One hypothesis for this deficit in heritability is that low-frequency or rare genetic variants with larger biologic effects play a more important role in complex disease pathogenesis than do variants that can be detected by GWAS (6). GWAS are designed to detect common genetic variation [minor allele frequencies (MAFs) ≥ 0.05] (6). These variants are expected to have modest phenotypic impact because they have not been subjected to strong selective pressure (7). Rare variants that cause larger biologic effects than common susceptibility variants have been found in other common, complex diseases. In T2D, rare variants likely to be deleterious were found in MTNR1B, which encodes melatonin receptor 1B (8). Only the rare MTNR1B variants that resulted in total or partial loss of melatonin receptor 1B function increased T2D risk (8). Rare coding variants have also been found in GCKR, another T2D GWAS susceptibility gene encoding glucokinase regulatory protein, in subjects with higher circulating triglyceride levels (9). Collectively, these findings support the hypothesis that rare, functional coding variants can produce common, complex disease/trait phenotypes (6).
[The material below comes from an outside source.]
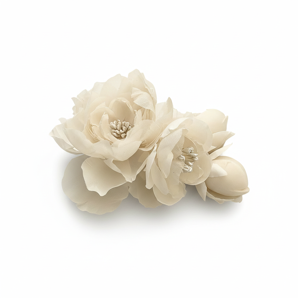Arranjo Floral Artesanal em Cetim e Organza de Seda Pura – Acessório para Noivas

Using an unbiased whole-genome sequencing (WGS) approach followed by targeted resequencing of AMH in a replication cohort, we identified significant evidence for association between functional mutations in the anti-Müllerian hormone gene (AMH) and PCOS. In females, anti-Müllerian hormone (AMH; or Müllerian inhibiting substance) is a regulator of folliculogenesis (10). AMH has also been shown to modulate steroidogenesis through its inhibition of CYP17 (11). AMH is secreted by the granulosa cells of small, growing ovarian follicles (12), and its expression is inversely correlated with follicle size (12). Polycystic ovaries are characterized by an increase in ovarian follicles from the primary stages onward (1). Levels of AMH are typically elevated in PCOS and correlate with antral follicle counts, although the mechanism for elevated AMH levels in PCOS remains unknown (12). Elevated AMH levels are proposed to be a marker for the distinctive alteration in folliculogenesis that is a cardinal feature of polycystic ovarian morphology (12). Furthermore, it has recently been demonstrated that AMH can regulate gonadotropin-releasing hormone release (13), a mechanism that is perturbed in PCOS (14). Accordingly, AMH is a highly plausible candidate gene for PCOS.
Materials and Methods
Subjects
The subjects were self-reported white people of European ancestry and had participated in our previous studies of PCOS (4, 15) (Table 1). The details of the assessment of study subjects and their clinical and biochemical features at enrollment were reported previously (4, 16, 17). Patients with PCOS had the “classic” or National Institutes of Health (NIH) phenotype of PCOS with elevated levels of total testosterone (T) or non–sex hormone–binding globulin-bound T (uT) levels, and chronic oligomenorrhea (eight or fewer menses per year) (18). Control subjects had normal androgen levels, regular 27- to 35-day menstrual cycles, and no history of reproductive disorders. (See Supplemental Data for additional details.) Ovarian morphology was not assessed, because this finding is not a criterion for the diagnosis of the NIH PCOS phenotype.
Table 1.
Clinical Features and Reproductive Hormone Levels of Study Participants
|
Patients With PCOS (n = 700) |
Control Subjects (n = 165) |
P Valuea | |||
|---|---|---|---|---|---|
| No. | Median (First Through Third Quartiles) | No. | Median (First Through Third Quartiles) | ||
| Age, y | 700 | 28 (24–32) | 165 | 29 (24–34) | 0.016 |
| BMI, kg/m2 | 700 | 35.4 (28.7–41.5) | 165 | 27.6 (22.4–34.1) | <0.0001 |
| Tb, ng/dL | 669 | 71 (59–90) | 165 | 26 (19–35) | <0.0001 |
| uT, ng/dL | 497 | 23 (17–29) | 65 | 4 (3–7) | <0.0001 |
| SHBG, nM | 498 | 53 (34–78) | 65 | 107 (72–156) | <0.0001 |
| DHEAS, ng/mL | 595 | 2065 (1446–2886) | 90 | 1349 (1059–1729) | <0.0001 |
| LH, mIU/mL | 518 | 11 (7–17) | 59 | 3 (3–7) | <0.0001 |
| FSH, mIU/mL | 518 | 9 (8–11) | 59 | 10 (7–12) | 0.74* |
| AMH, ng/mL | 259 | 9.3 (5.3–17.5) | 126 | 2.3 (1.2–4.0) | <0.0001* |
All analyses were with Mann-Whitney U test except for those denoted by an asterisk, which used analysis of covariance adjusted for age and BMI.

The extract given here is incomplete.